• **Exercise**:
Pictures in the listing below are skipped, while the lines from the "昭和ビンテージ  在銘 翔  金彩染付陶板「竹に雀」" line through the "Rybí filé s" line are returned word for word.

• **Material supplied**:
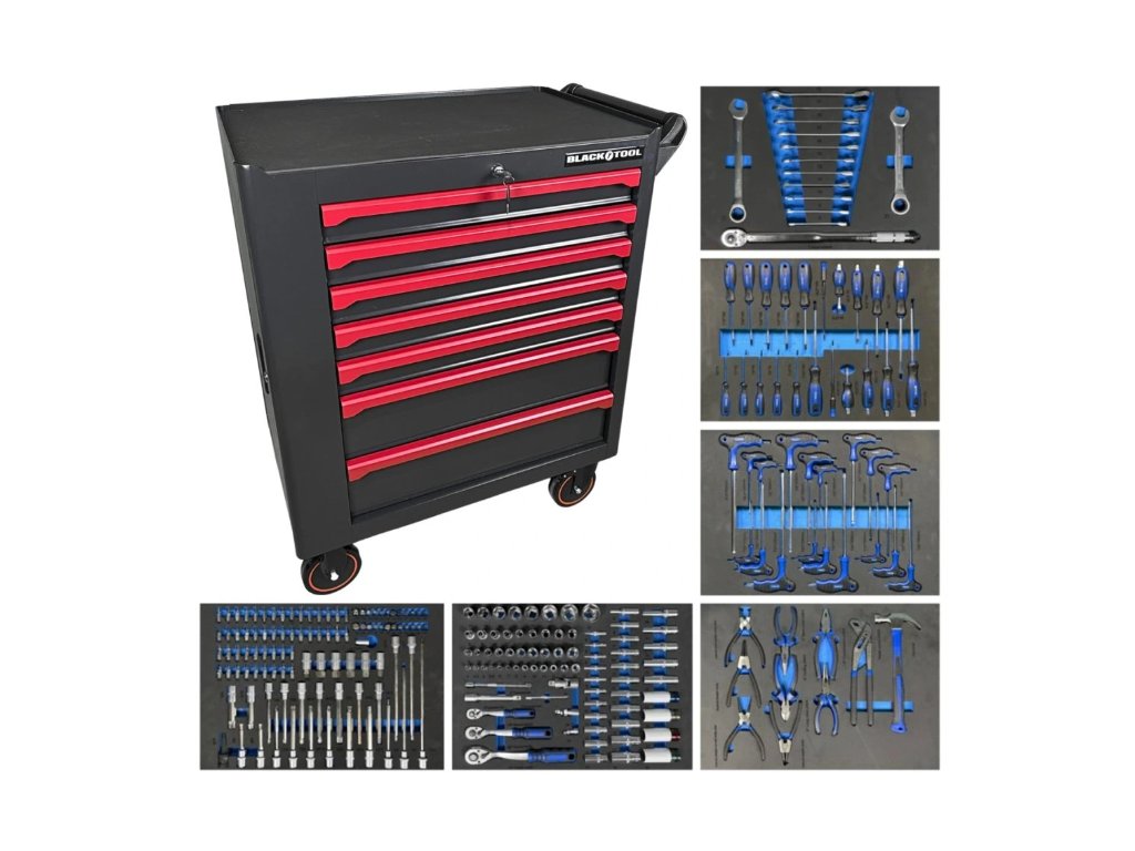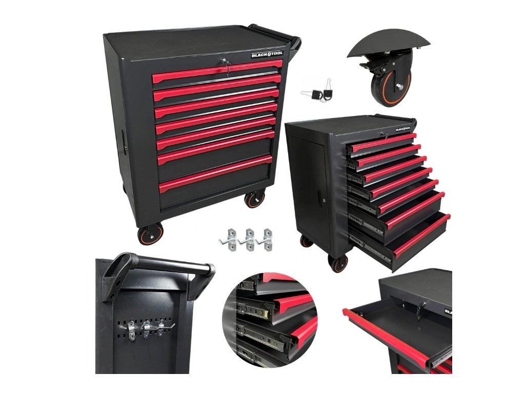 - Obsahuje 7 zásuviek, bočnú skrinku a praktické háčiky na zavesenie náradia.
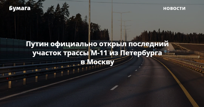 На церемонии Путин заявил, что в истории России «ничего подобного не было», подразумевая, что это первая дорога между Петербургом и Москвой, построенная от начала и до конца в постсоветский период.
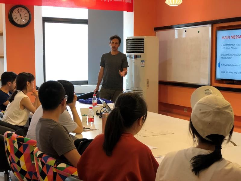 今天是夏令营的第三天,早上理论课程的The Theory of innovation and its application 是来自牛津大学教授 Stephen Boyle为我们授课,课程中以第一次和第二次工业革命对科技创新为案例进行讨论,开拓了大学生的创业思维,引起了同学们之间激烈的学术讨论。
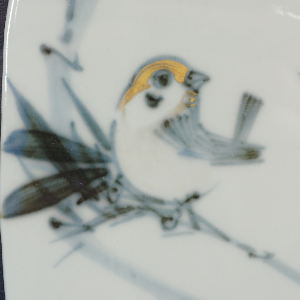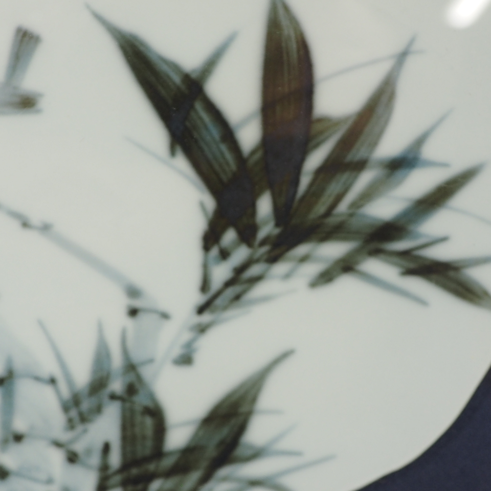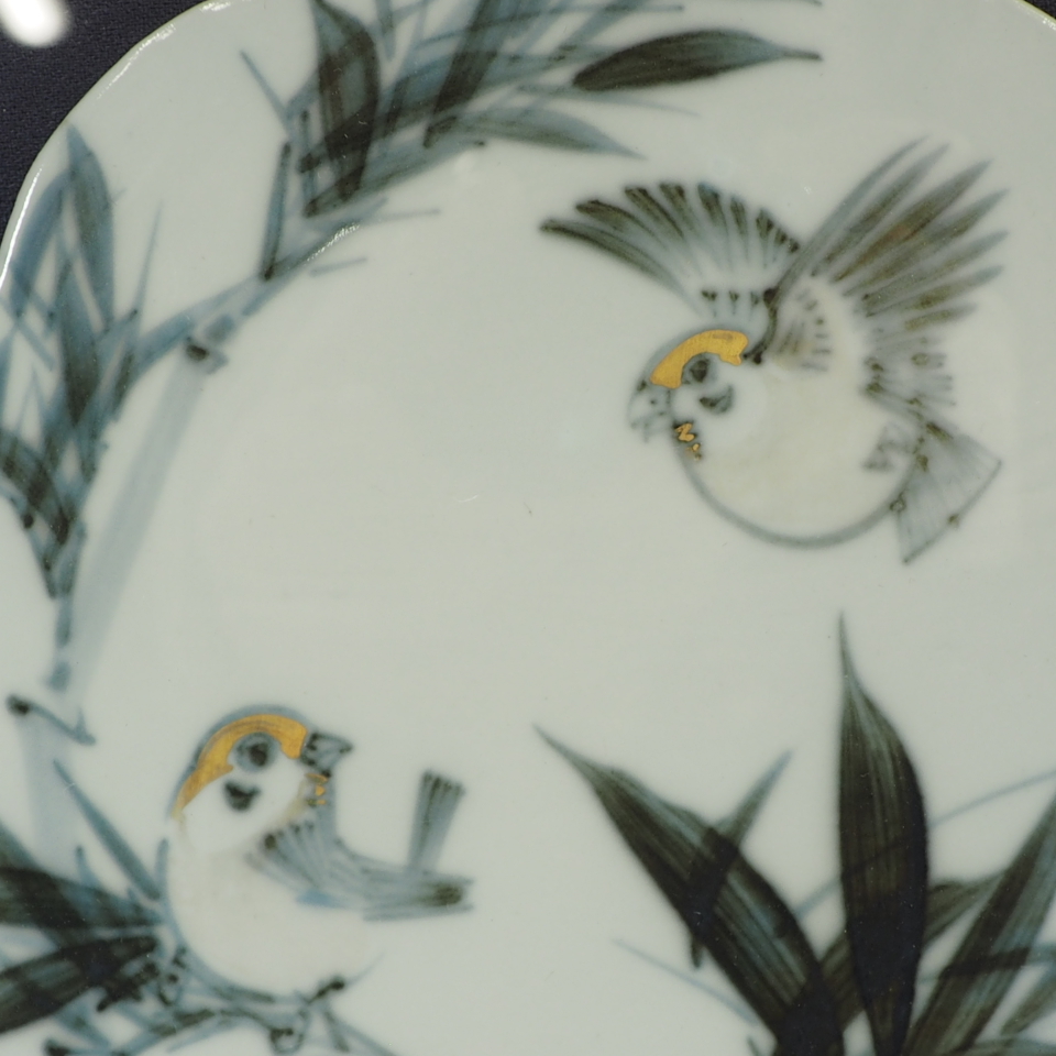 昭和ビンテージ  在銘 翔  金彩染付陶板「竹に雀」
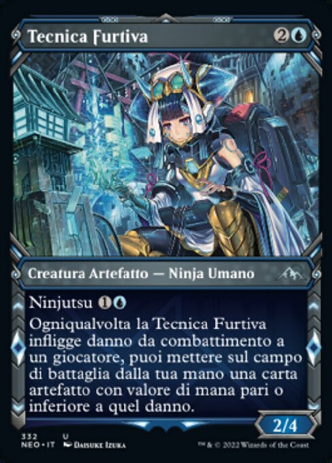 | Rules | Ninjutsu (, Return an unblocked attacker you control to hand: Put this card onto the battlefield from your hand tapped and attacking.) Whenever Covert Technician deals combat damage to a player, you may put an artifact card with mana value less than or equal to that damage from your hand onto the battlefield. |
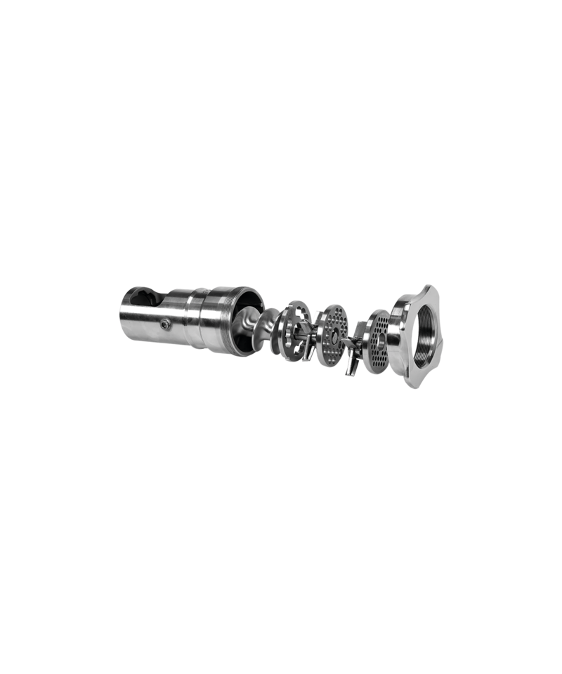 Included with the grinder, you will find 3 sieves: one with a diameter of 4.5 mm and two with a diameter of 8 mm. This variety allows for flexible configuration of the grinding system (e.g., 8/4.5 mm or 8/8 mm), enabling precise adjustment of the meat's fineness to specific needs and recipes.
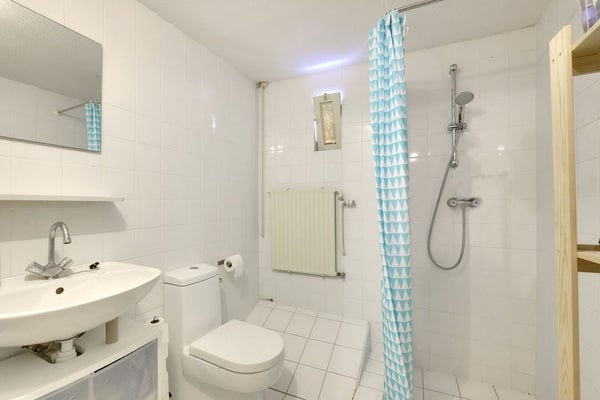 Palier avec rangement et salle de bain avec douche et toilettes. Studio avec salon, coin nuit et cuisine ouverte. Ce studio est situé sous le toit avec les fermes visibles, ce qui crée une atmosphère conviviale.
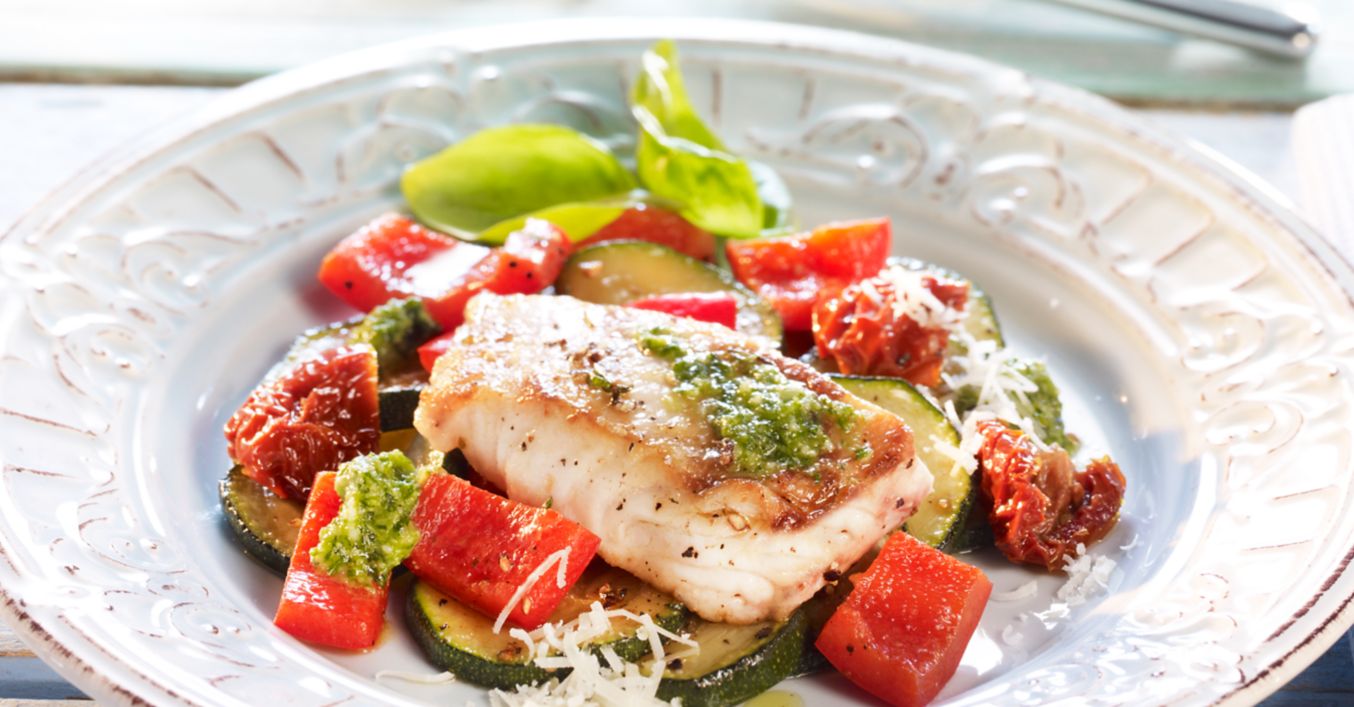Rybí filé s letním pestem a provensálskou zeleninou
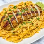 A close-up view of a creamy pasta dish served on a white plate with a white marbled texture background. The bottom layer consists of wide, flat noodles coated in a rich, light orange creamy sauce, with a smooth and slightly glossy texture. On top are golden-brown grilled chicken pieces, seasoned and slightly charred, scattered evenly across the noodles. Finely chopped green herbs are sprinkled over everything, adding bursts of color. A light dusting of grated cheese is also visible on the chicken and pasta. A lime wedge is partially visible in the top right corner, adding a fresh green touch. Photo taken with an iphone --ar 4:5 --v 7
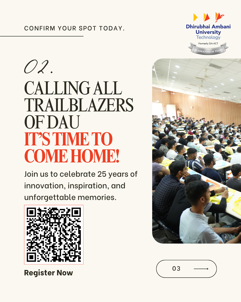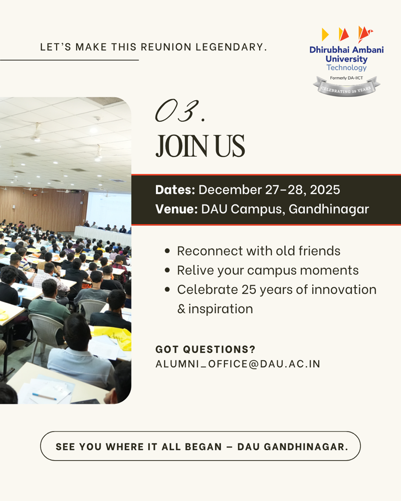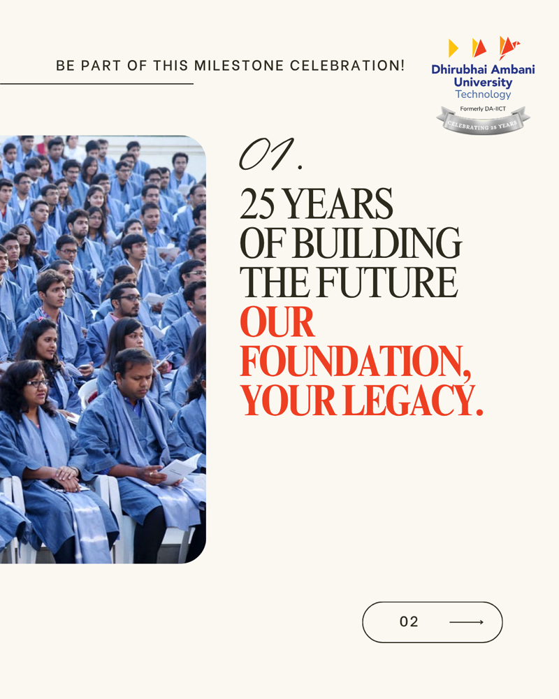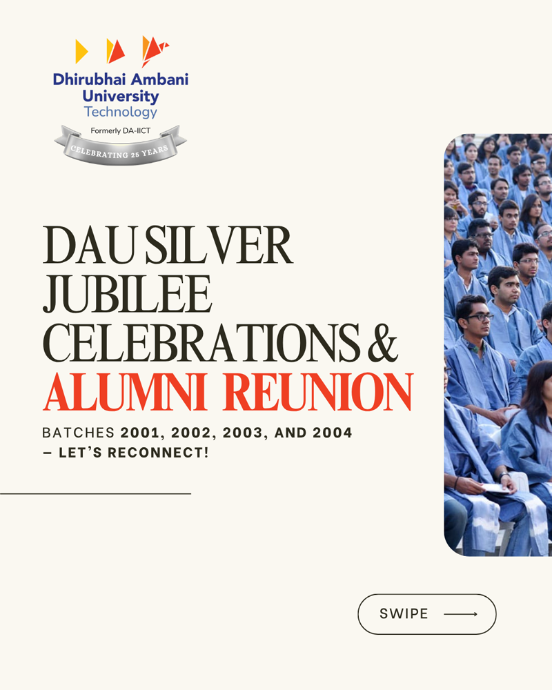 Celebrating 25 years of excellence of Dhirubhai Ambani University (DAU), the university is organising an exclusive Silver Jubilee Alumni Reunion for its founding batches. This momentous occasion is specifically for the trailblazers of the 2001, 2002, 2003, and 2004 classes, honouring their significant role in establishing the institution's esteemed legacy. The university extends a special invitation to these foundational alumni to return to the campus for a celebration like no other.
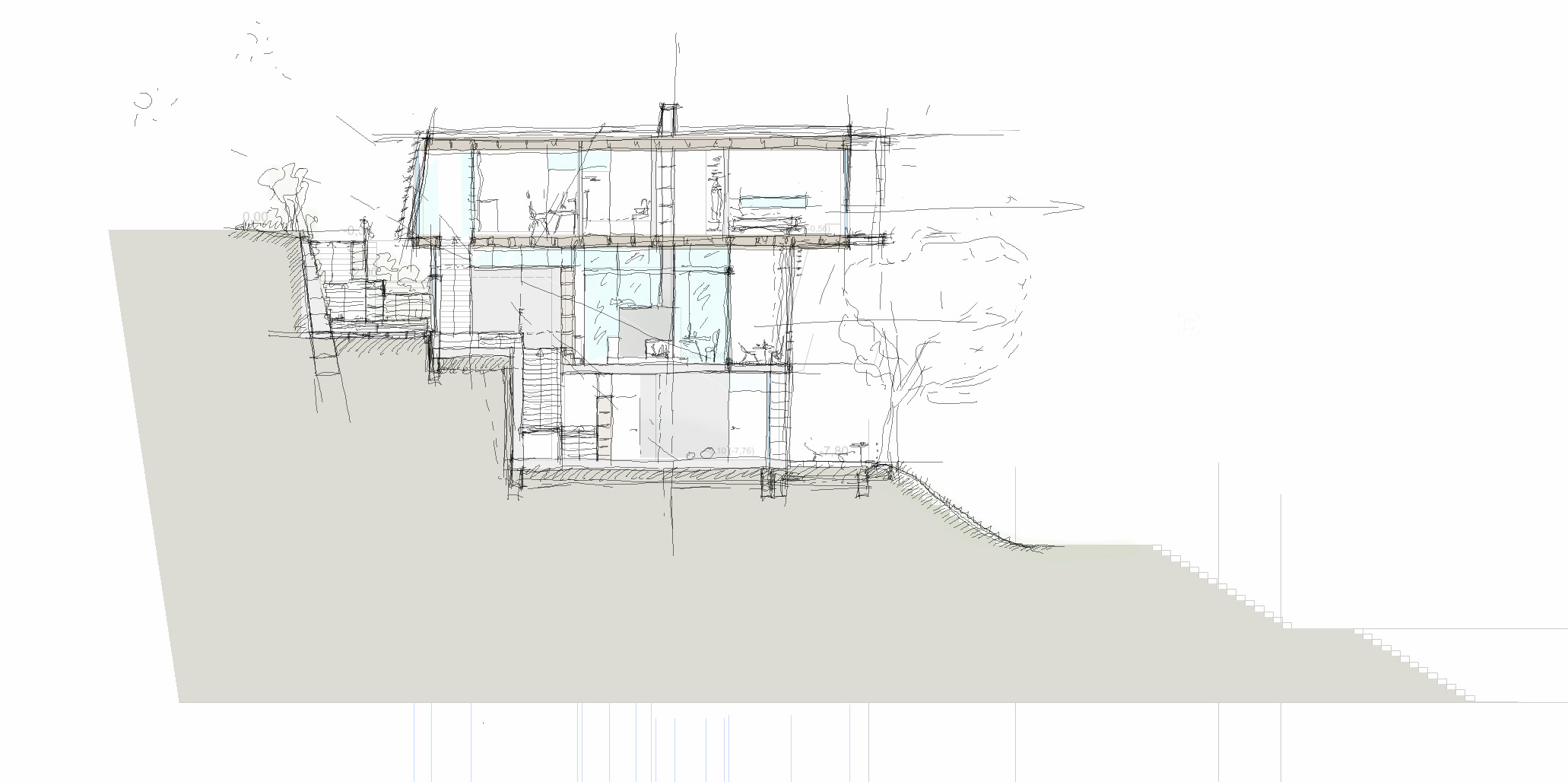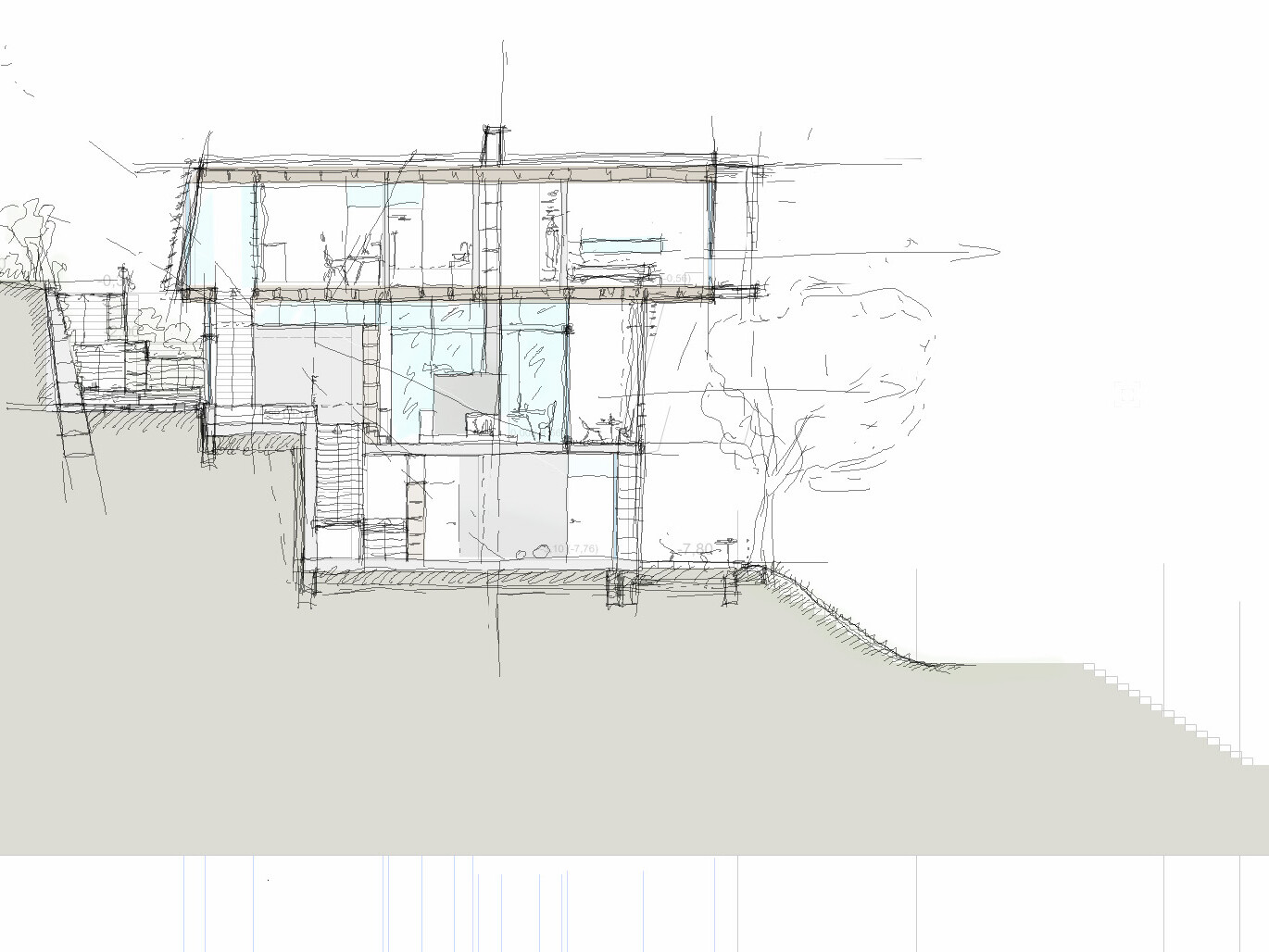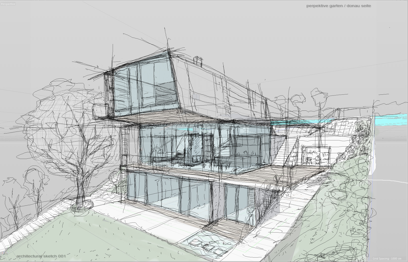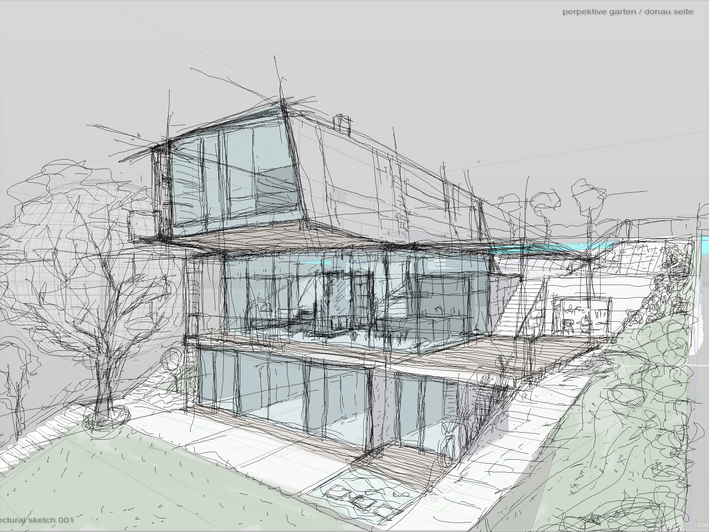 Für einen Software Entrepreneur und seine Frau wurde diese 3 stöckige, ögologische Villa in der Nähe von Wien entworfen. Sie liegt an einem steilen Hang mit wunderschöner Aussicht über die Donau-Auen bis nach Wien. Im unteren Geschoß sind die Aufenthalts und Schlafräume der Kinder, mit direktem Zugang zum Garten. Das mittlere Geschoß ist fast vollkommen gläsern mit großer, teileise überdachter Terrasse, und Fokus auf den Weitblick. Es bietet auch durchgehende direkte Sonnenbelichtung von Morgens bis Abends.

• **Solution to this exercise**:
 昭和ビンテージ  在銘 翔  金彩染付陶板「竹に雀」
 | Rules | Ninjutsu (, Return an unblocked attacker you control to hand: Put this card onto the battlefield from your hand tapped and attacking.) Whenever Covert Technician deals combat damage to a player, you may put an artifact card with mana value less than or equal to that damage from your hand onto the battlefield. |
 Included with the grinder, you will find 3 sieves: one with a diameter of 4.5 mm and two with a diameter of 8 mm. This variety allows for flexible configuration of the grinding system (e.g., 8/4.5 mm or 8/8 mm), enabling precise adjustment of the meat's fineness to specific needs and recipes.
 Palier avec rangement et salle de bain avec douche et toilettes. Studio avec salon, coin nuit et cuisine ouverte. Ce studio est situé sous le toit avec les fermes visibles, ce qui crée une atmosphère conviviale.
Rybí filé s letním pestem a provensálskou zeleninou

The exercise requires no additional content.